WORK ORDER: Write out the entries below exactly, but only from the line containing "и всему ФБК." through the line containing "- High Page", and without the pictures.

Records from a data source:
-- -- --

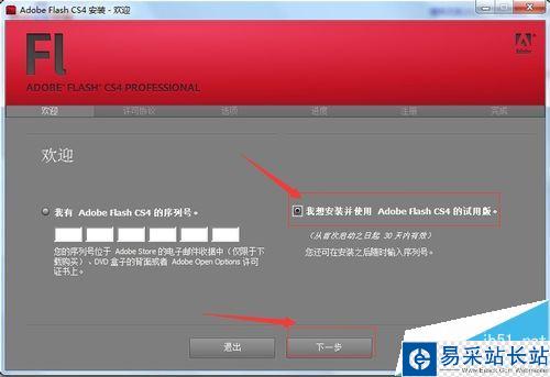 2、進入歡迎界面,選擇“我想安裝并使用 Adobe Flash CS4的試用版”,然后點擊“下一步”,如下圖所示:
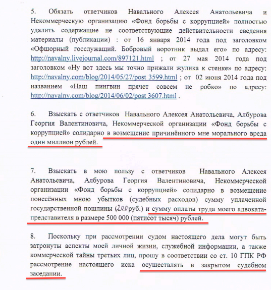 | Наш лицемерный обладатель бобрового воротника решил выслужиться круче всех. Принесли иск от него. Не просто традиционный единороссовский "иск к Навальному", а аж ко мне, к Албурову и всему ФБК.
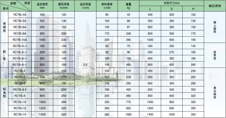 RCYB 系列懸掛式永磁除鐵器內(nèi)部采用高矯頑力,高剩磁的特殊永磁體“釹鐵硼”等材料組成復合磁系。具有免維
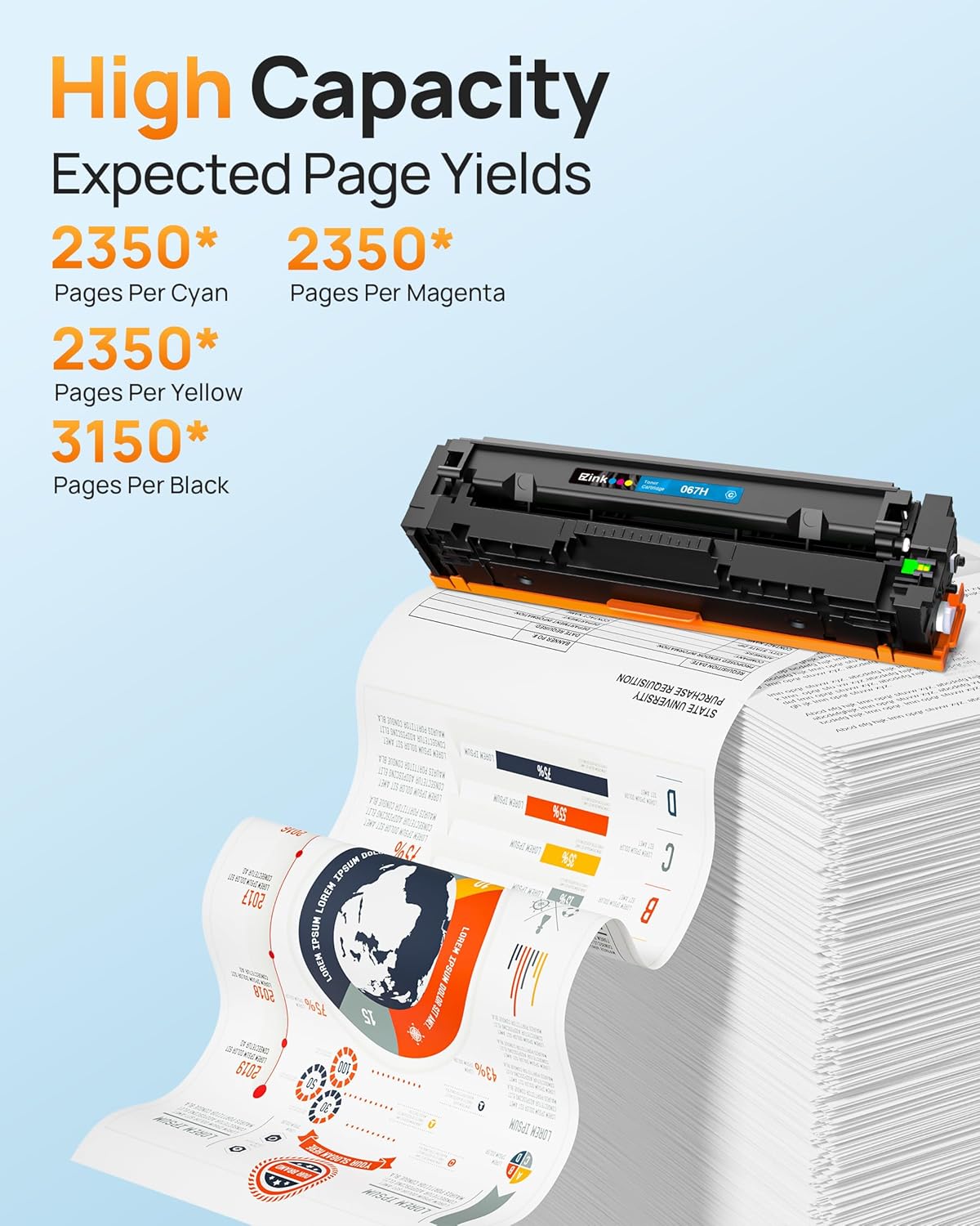- High Page Yield: 3,150 pages per 067H black toner cartridge and 2,350 pages per 067H color C/M/Y toner cartridge (at 5% coverage of A4/letter paper)
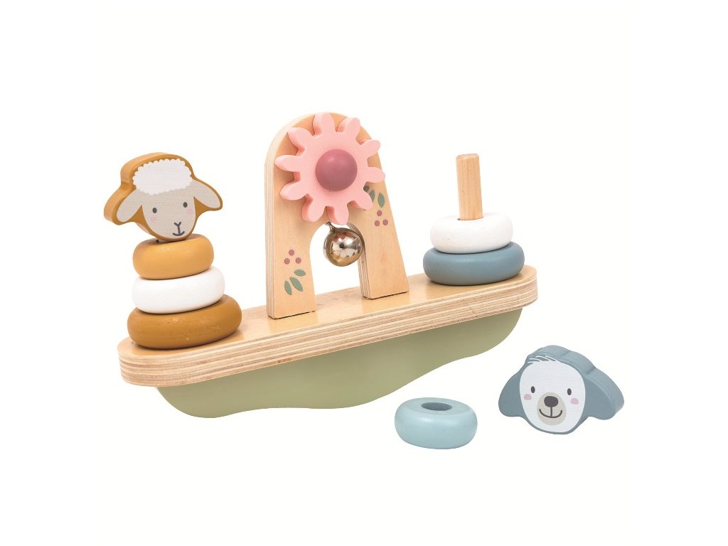 Ovečka nebo pejsek? Kdo udrží rovnováhu? Zábavná balanční hračka, která spojuje skládání, nasazování na tyč, objevování i trošku fyziky! Na jedné straně ovečka, na druhé straně pejsek, které si děti samy sestaví z dřevěných kroužků a hlavičky nasazením na tyč. Plošina se při každém pohybu naklání. Kdo poskládá zvířátka tak, aby byla v rovnováze? Hračka rozvíjí jemnou motoriku, koordinaci ruka-oko i logické myšlení. Učí děti základům rovnováhy, poměru a váhy, a zároveň je díky roztomilému zvířecímu motivu bude bavit. Příjemné pastelové a zemité odstíny barev spolu s kvalitním přírodním dřevem dělají z této hračky krásný doplněk každého pokojíčku. Hlavní vlastnosti: balanční hračka ze dřeva s tyčemi pro nasazovánís ovečkou a pejskemrozvíjí jemnou motoriku, koordinaci ruka oko a logického uvažovánínapomáhá pochopení rovnováhy a základních fyzikálních principůkvalitní dřevěné zpracování v přírodních a zemitých barváchvhodné pro děti od 18 měsíců

-- -- --

REPLY:
 | Наш лицемерный обладатель бобрового воротника решил выслужиться круче всех. Принесли иск от него. Не просто традиционный единороссовский "иск к Навальному", а аж ко мне, к Албурову и всему ФБК.
 RCYB 系列懸掛式永磁除鐵器內(nèi)部采用高矯頑力,高剩磁的特殊永磁體“釹鐵硼”等材料組成復合磁系。具有免維
- High Page Yield: 3,150 pages per 067H black toner cartridge and 2,350 pages per 067H color C/M/Y toner cartridge (at 5% coverage of A4/letter paper)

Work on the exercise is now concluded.